10.14. NOTICES. Give prompt written notice to the Bank of:
(a) any and all Event(s) of Default and each event or occurrence
which, but for the giving of notice or the lapse of time, or both, would
be an Event of Default;
(b) any and all litigation, arbitration or administrative
proceedings to which the Borrower is a party and in which the claim or
liability exceeds $250,000 or which materially adversely affects the
Collateral taken as a whole;
(c) any other matter which has resulted in, or might result in, a
material adverse change in the Collateral or the financial condition or
affairs of the Borrower; and
(d) upon, but in no event later than 10 days after, becoming
aware of (i) any enforcement, cleanup, removal or other governmental or
regulatory actions instituted, completed or threatened against the
Borrower or any of its subsidiaries or any of their respective
properties pursuant to any applicable Environmental Laws, (ii) all other
Environmental Claims, and (iii) any environmental or similar condition
on any real property adjoining or in the vicinity of the property of the
Borrower or any subsidiary that could reasonably be anticipated to cause
such property or any part thereof to be subject to any restrictions on
the ownership, occupancy, transferability or use of such property under
any Environmental Laws, in each case where the cost of the remedial
action(s) or the amount of the Environmental Claim(s) exceed, in the
aggregate $250,000.
10.15. ENVIRONMENTAL LAWS. The Borrower shall conduct its operations and
keep and maintain all of its property in compliance with all Environmental Laws
and, upon the written request of the Bank, the Borrower shall submit to the
Bank, at the Borrower's sole cost and expense, at reasonable intervals, a report
providing an update of the status of any environmental, health or safety
compliance, hazard or liability issue identified in any notice or report
required pursuant to Subsection (d) of the immediate preceding Section.

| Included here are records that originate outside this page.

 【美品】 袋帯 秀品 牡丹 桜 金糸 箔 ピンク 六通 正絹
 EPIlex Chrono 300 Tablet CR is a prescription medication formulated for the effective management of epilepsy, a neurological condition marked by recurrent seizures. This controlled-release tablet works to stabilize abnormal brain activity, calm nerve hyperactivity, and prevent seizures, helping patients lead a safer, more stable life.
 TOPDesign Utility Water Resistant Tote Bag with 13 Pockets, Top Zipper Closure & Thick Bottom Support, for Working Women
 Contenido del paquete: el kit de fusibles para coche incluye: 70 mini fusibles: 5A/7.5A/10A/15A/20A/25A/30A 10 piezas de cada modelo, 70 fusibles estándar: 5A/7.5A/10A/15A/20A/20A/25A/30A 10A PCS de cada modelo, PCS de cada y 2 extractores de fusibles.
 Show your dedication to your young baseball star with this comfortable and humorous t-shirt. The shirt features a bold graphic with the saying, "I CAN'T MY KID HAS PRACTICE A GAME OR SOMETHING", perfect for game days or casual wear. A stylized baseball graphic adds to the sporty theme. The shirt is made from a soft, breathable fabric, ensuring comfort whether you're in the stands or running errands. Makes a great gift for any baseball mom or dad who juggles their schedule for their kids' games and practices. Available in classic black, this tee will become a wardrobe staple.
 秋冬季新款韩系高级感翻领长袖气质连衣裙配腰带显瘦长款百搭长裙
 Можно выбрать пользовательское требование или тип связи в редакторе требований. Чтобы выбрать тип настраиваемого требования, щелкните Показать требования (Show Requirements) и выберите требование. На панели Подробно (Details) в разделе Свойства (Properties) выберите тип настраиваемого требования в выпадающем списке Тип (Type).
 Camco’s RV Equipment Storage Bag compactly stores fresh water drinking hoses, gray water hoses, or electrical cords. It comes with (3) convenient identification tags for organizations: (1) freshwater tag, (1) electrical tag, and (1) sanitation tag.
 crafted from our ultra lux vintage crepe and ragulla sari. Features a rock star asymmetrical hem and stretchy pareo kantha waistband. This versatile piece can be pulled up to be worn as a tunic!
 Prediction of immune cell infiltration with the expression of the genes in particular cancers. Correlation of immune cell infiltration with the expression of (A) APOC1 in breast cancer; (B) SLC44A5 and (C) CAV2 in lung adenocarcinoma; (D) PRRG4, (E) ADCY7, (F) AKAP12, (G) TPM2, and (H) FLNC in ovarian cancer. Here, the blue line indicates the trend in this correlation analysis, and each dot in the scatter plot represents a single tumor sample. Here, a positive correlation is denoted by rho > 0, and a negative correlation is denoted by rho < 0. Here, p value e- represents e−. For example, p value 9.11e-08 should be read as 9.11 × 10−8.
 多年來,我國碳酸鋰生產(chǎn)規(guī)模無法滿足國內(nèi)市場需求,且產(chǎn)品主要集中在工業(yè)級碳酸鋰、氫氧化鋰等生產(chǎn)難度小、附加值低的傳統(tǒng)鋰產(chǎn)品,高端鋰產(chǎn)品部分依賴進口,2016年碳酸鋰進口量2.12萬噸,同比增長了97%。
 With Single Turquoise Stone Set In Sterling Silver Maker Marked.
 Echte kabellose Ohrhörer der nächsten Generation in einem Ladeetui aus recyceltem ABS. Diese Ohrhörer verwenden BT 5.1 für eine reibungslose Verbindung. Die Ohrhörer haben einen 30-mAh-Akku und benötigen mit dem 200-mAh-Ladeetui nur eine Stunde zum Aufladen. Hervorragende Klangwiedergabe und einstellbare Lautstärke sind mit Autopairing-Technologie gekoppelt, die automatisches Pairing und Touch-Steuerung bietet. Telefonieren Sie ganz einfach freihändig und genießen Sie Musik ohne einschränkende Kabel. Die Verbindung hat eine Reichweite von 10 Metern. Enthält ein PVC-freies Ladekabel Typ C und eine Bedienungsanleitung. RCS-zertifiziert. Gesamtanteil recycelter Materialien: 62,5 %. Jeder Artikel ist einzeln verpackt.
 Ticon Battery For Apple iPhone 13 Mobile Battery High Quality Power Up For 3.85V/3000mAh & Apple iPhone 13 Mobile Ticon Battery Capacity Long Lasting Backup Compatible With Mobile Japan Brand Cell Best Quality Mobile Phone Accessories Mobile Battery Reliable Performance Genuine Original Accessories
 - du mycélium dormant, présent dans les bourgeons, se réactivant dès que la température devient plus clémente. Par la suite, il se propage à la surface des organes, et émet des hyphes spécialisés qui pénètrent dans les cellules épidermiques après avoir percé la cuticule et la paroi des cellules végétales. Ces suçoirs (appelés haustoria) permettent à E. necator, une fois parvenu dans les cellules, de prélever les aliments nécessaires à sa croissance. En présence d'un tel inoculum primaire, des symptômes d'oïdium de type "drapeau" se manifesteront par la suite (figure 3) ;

10.16. FURTHER ASSURANCES. Execute and deliver all instruments, and
perform such acts, as the Bank may reasonably deem necessary or desirable to
confirm and secure to the Bank all rights and remedies conferred upon them by
this Agreement and all other documents related hereto.
11. DEFAULT
11.1. EVENTS OF DEFAULT. Any one or more of the following described
events shall constitute an event of default (an "Event of Default") under this
Agreement:
(a) NON-PAYMENT. The Borrower shall fail to pay any payment of
principal or interest or any other sum referred to in this Agreement
within 20 days of when due.
1997 CREDIT AGREEMENT -- Page 20
21
(b) PERFORMANCE UNDER THIS AND OTHER AGREEMENTS. The Borrower
shall fail in any material respect to perform or observe any term,
covenant or agreement contained in this Agreement, in any Loan Document,
or in any document instrument or agreement evidencing or relating to any
other Indebtedness of the Borrower to the Bank, and any such failure
(exclusive of the payment of money to the Bank under this Agreement or
under any other document, instrument or agreement, which failure shall
constitute and be an immediate Event of Default if not paid when due or
when demanded to be due) shall continue for more than 30 days after
written notice from the Bank to the Borrower of the existence and
character of such failure.
(c) OTHER INDEBTEDNESS. The Borrower (i) fails to make any
payment in respect of any Indebtedness having an aggregate principal
amount (including underway committed or available amounts and including
amounts owing to all creditors under any combined or syndicated credit
arrangement) of more than $100,000.00 when due (whether by scheduled
maturity, required prepayment, acceleration, demand, or otherwise) and
such failure continues after the applicable grace or notice period, if
any, specified in the document relating thereto on the date of such
failure; or (ii) fails to perform or observe any other condition or
covenant, or any other event shall occur or condition exist,
(irrespective of whether such non-performance or non-observance shall be
waived or otherwise excused by the holder or holders of such
Indebtedness) under any agreement or instrument relating to any such
Indebtedness, if the effect of such failure, event or condition is to
cause, or to permit the holder or holders of such Indebtedness or
beneficiary or beneficiaries of such Indebtedness (or a trustee or agent
on behalf of such holder or holders or beneficiary or beneficiaries) to
cause such Indebtedness to be declared to be due and payable prior to
its stated maturity, or cash collateral in respect thereof to be
demanded.
(d) REPRESENTATIONS AND WARRANTIES; FINANCIAL STATEMENTS. Any
representation or warranty made by the Borrower under or in connection
with this Agreement or any financial statement given by the Borrower
shall prove to have been incorrect in any material respect when made or
given or when deemed to have been made or given.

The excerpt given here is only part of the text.